The Album opens at the country house of Courtland outside London, where the owner Bedford is dying upstairs and the fate of his estate is unclear. Sir Ralph Damant appears on the scene; he's the nearest heir so he figures the estate should be his. Artist Mark Bernal (long lost and thought dead) also shows up. He's a distant relative and comes with an album of sketches dated "September, '91." Three women are already hanging around: Lady Basset, Bedford's buddy who now wants Sir Ralph so she can get the Bedford estate; Maud Vincent, beloved by Teddy Ashdown but wanting more; and Grace Jesmond, Bedford's put-upon secretary who falls for Mark.

An incredible amount of stage bustle ensues, much of it revolving around that album of Mark's. Eventually, Mark and Grace decide to get married, as do Teddy and Maud. Sir Ralph wants to get rid of the fortune-hunting Lady Basset, so in a fit of generosity that closes the play, he gives the Bedford inheritance to Mark.

The Reprobate, a play which James described as better than The Album, opens with an unannounced stranger, Mrs. Freshville, appearing at Mr. Bonsor's Hampton Court villa. It develops that she is Nina, Paul Doubleday's lady friend, who spent time with him in Paris many years ago. For the past decade Paul has been kept under close control in the villa, well away from life's temptations, by his widowed stepmother Mrs. Doubleday and his co-guardian, the bachelor Bonsor.
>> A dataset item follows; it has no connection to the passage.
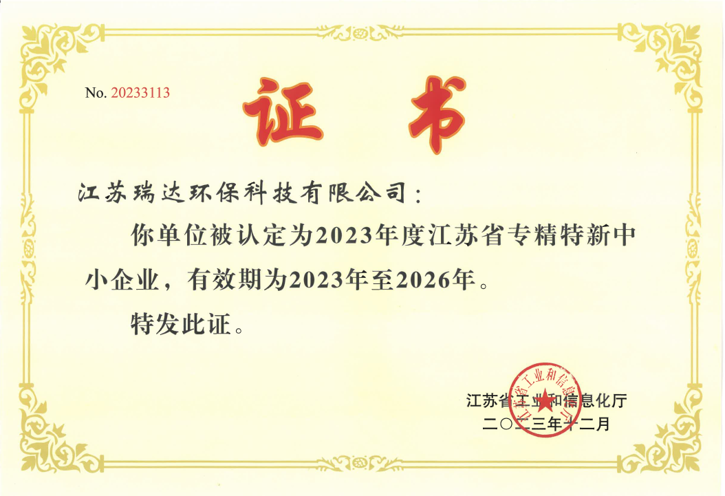 “专精特新中小企业”是指具备专业化、精细化、特色化、新颖化特征的中小企业,是科技含量高、设备工艺先进、管理体系完善、市场竞争力强的企业,是加快壮大工业高质量发展的生力军,同时也是区域经济实现创新发展的新引擎。此次被认定为江苏省专精特新中小企业,是对瑞达科技规模效益、技术实力、研发能力以及管理能力等综合实力的充分肯定。

Blanche Amber, Bonsor's niece, meets Paul and dislikes how he is being treated almost as a child because others suspect him of a dissolute and unreliable nature. Meanwhile, Captain Chanter is pursuing Mrs. Doubleday. After many trials, tribulations, entrances, and exits, Blanche accepts Paul's marriage proposal, which gets him out of his isolation. The "reprobate" Paul turns out to be mature and responsible. To make the ending even happier, Mrs. Doubleday embraces Chanter.